Billy, algo apurado, carraspeó y se alejó presuroso hacia la puerta de salida de
las caballerizas.
—Debo informarte que nosotros sí llevábamos libros de registro —dijo Josie,
mirando a Mayne con el ceño fruncido—. Mi abuelo anotó todos los detalles de cada
caballo que pasó por sus manos. Y te aseguro, sin miedo a equivocarme, que Gentian
no tenía ningún antepasado remoto con la pelvis corta.
—Siempre habrá excepciones para cualquier paso, pero un programa de cría
tiene que ser organizado alrededor de principios y reglas generales.

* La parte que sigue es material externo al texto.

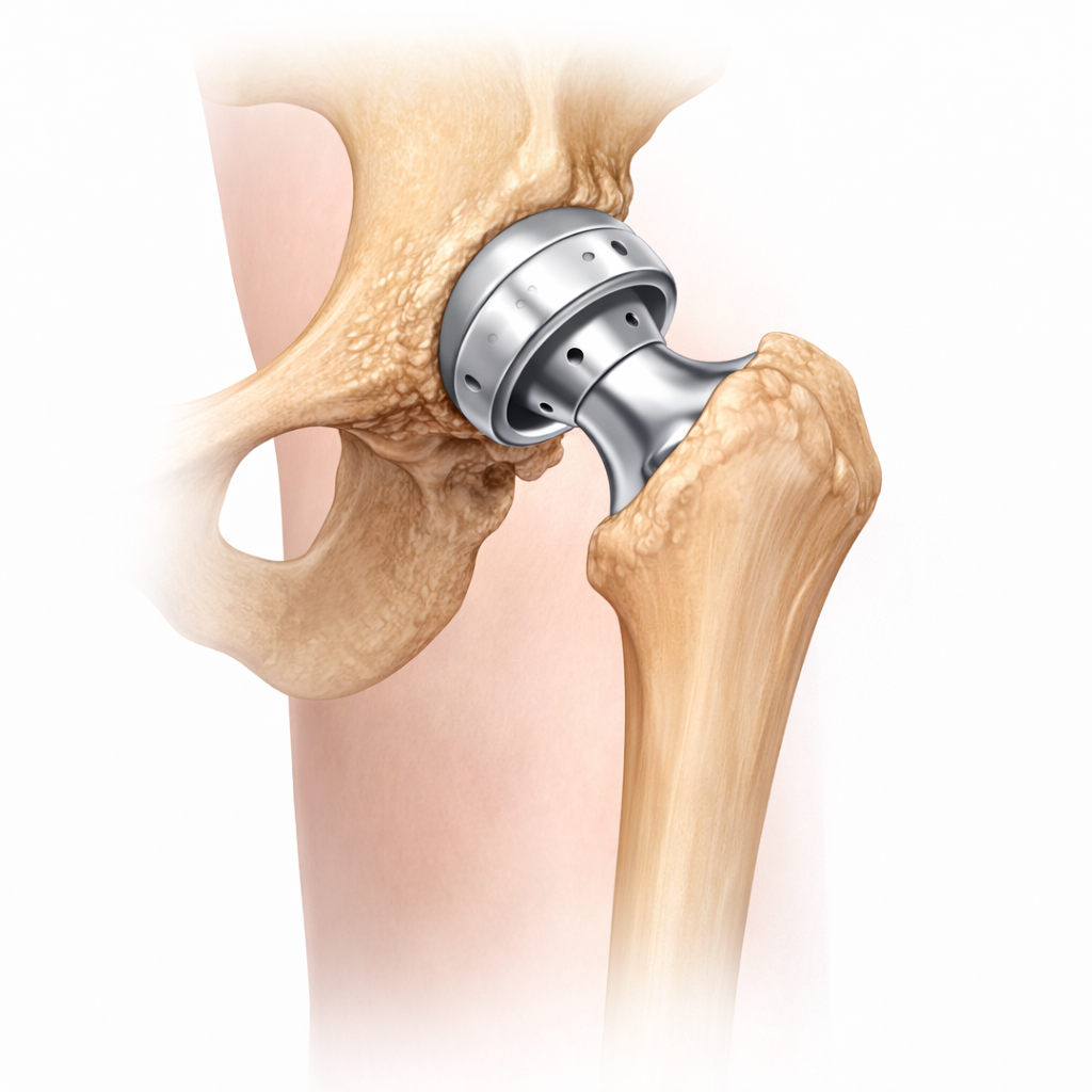 Hip replacement surgery is a medical procedure where damaged hip joint surfaces are removed and replaced with artificial implants to relieve chronic pain, restore smooth movement, and improve overall mobility and quality of life.

Yo sé muy bien
lo que ocurre en la mayoría de los casos y me atengo a lo más probable para
programar el trabajo en mis cuadras.
Josie suspiro, impaciente.
—¡No me sorprende que no hayas tenido una sola victoria importante en dos
años!
—Esa es una observación injusta y desagradable. Después de todo, ni siquiera
he comenzado a poner en marcha el nuevo programa de reproducción.
—¿Podría echarle un vistazo?
—¿Harás comentarios mordaces?
—¿Quieres que sea generosa o quieres ganar? No seas tan… —iba a hacerle un
reproche, pero se contuvo.
—Sospecho que mi nueva esposa estaba a punto de insultarme —dijo Mayne.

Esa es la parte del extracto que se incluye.